Кучер, который вез коляску к причалу, был слеп на один глаз, и я боялся, как бы он не перевернул нас, поэтому вглядывался в дорогу с особым вниманием и один раз, когда мимо с грохотом проезжал роскошный экипаж, схватился за костлявое плечо кучера, но мужик лишь недовольно поморщился и, что-то буркнув, цокнул на ледащую лошаденку. До парохода мы добрались без приключений. Нас ожидала морская поездка.
Я, признаться, не люблю море, оно монотонно, как проповедь, поэтому закрылся в каюте и с наслаждением погрузился в толстый авантюрный роман. Зато жена за два дня успела перезнакомиться со всеми, включая немытых матросов, и не пропускала ни одного развлечения на верхней палубе. К тому времени, как я добрался до сцены, где отважный идальго громит трусливых слуг короля, из-за горизонта медленно выплыли холмы и рощи моей родины — вот тогда я захлопнул книгу и взошел на палубу.
Сколько раз я видел, как они выплывают, сверкают и золотятся, и все то же щемящее, необъяснимое чувство поднималось в груди. С какой-то гордостью я, сложив ладонь козырьком, смотрел вдаль и не замечал более ничего. Смех жены, гримасничающей в местном светском обществе, пронзительные крики чаек и другие звуки стали доходить до меня позднее.
Отцов кучер Степка, низенький, вертлявый мужичок, уже суетился возле ограды. Заметил меня, с криком радости бросился принимать чемоданы и, взвалив на спину не маленькую ношу, отволок к коляске.
Темные леса расстилались на десятки километров во все стороны, и чужаку пришлось бы худо, пожелай он вступить в дебри, прорезанные извилистыми тропинками, тропами и дорогами.

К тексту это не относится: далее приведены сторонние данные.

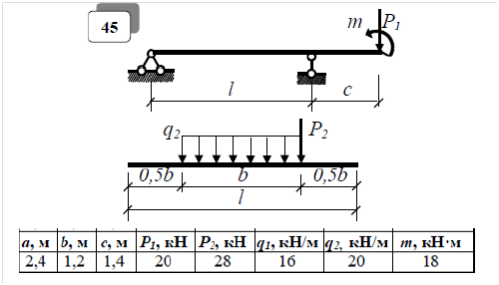 Задача: Расчет статически определимых стержней на изгиб. вариант 45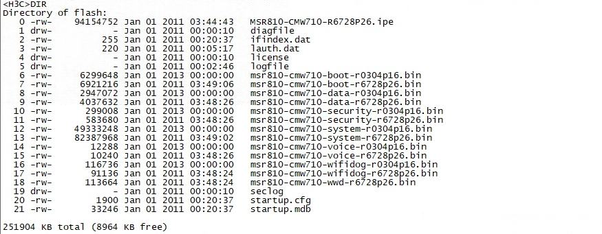 boot-loader file boot flash:/msr810-cmw710-boot-6728p26.bin system flash:/msr810-cmw710-system-r6728p26.bin main;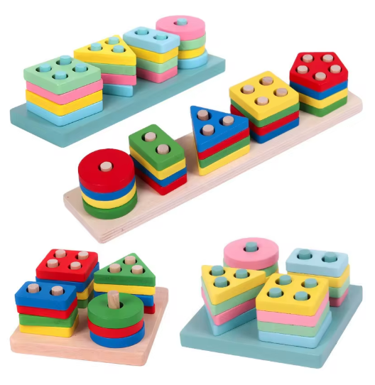 لعبة مونتيسوري اللبنات الخشبية التعلم المبكر ألعاب تعليمية اللون الشكل مباراة الاطفال لغز لعب للأطفال بنين بنات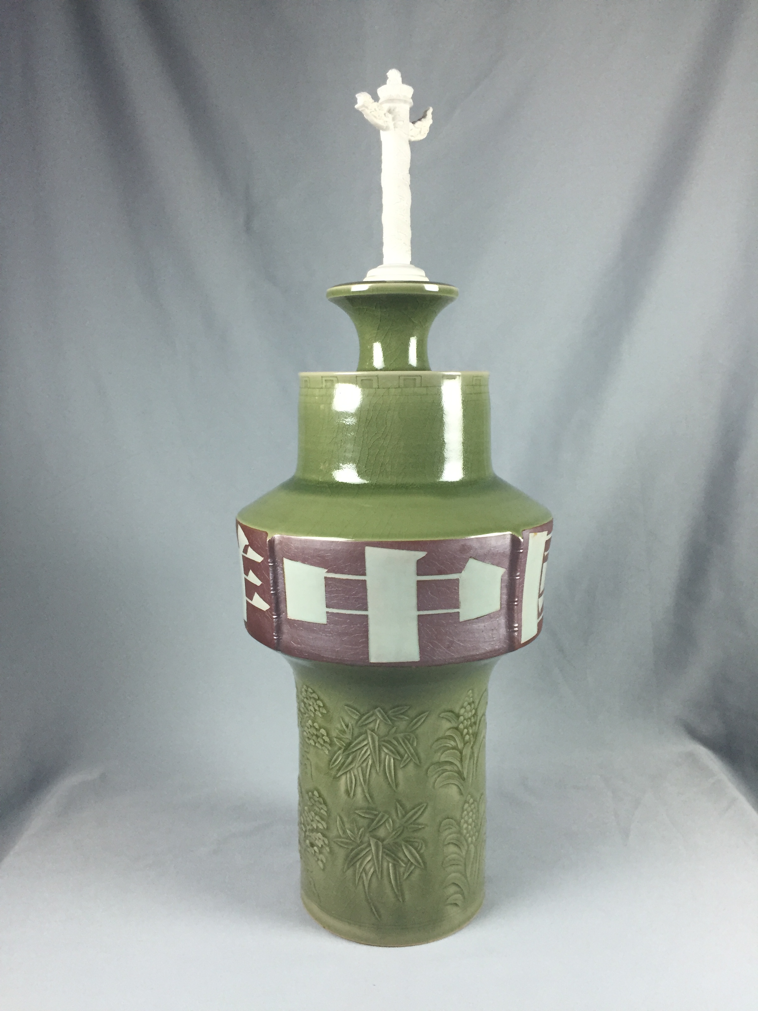 此次參與展出的青瓷作品中,一件名為“紅底玉縷耀瓷刻花松竹萬年青紋中國吉祥”的青瓷作品人氣頗高。據(jù)介紹,此件作品由中國工藝美術(shù)大師孟樹鋒親自制作。作品整體呈現(xiàn)“中”字造型,偉岸挺拔,雄渾方正,險峻奇特而大氣磅礴。瓶頂一尊華表,白泥素胎,一如漢白玉石雕。瓶肩梢高凸又微微外撇,是一圈五十六個垛峰與垛口的萬里長城,代表著中國五十六個民族團(tuán)結(jié)一心。其下碩腹,則使用耀州紅底玉縷的工藝書寫“中國吉祥”四個雕版大字,點(diǎn)明作品主題。下部立柱上刻、劃、貼花的萬年青、青松、竹子,體現(xiàn)耀州瓷的風(fēng)格并以此祝福祖國。

Степка изучил здесь каждый ствол, поэтому гнал стремительно и поминутно с огромным интересом оглядывался на меня. Его так и подмывало спросить о диковинах петербургской жизни, однако, памятуя мой кнут, кучер соблюдал дистанцию. Верно, дворовые должны быть тише воды, ниже травы, иначе будет беда.
Жена неожиданно расклеилась после морского путешествия и нервно обмахивала веером свое покрасневшее лицо, а потом и вовсе уснула, предоставив мне унылое занятие отгонять от нее слепней, которые увязались за нами от берега.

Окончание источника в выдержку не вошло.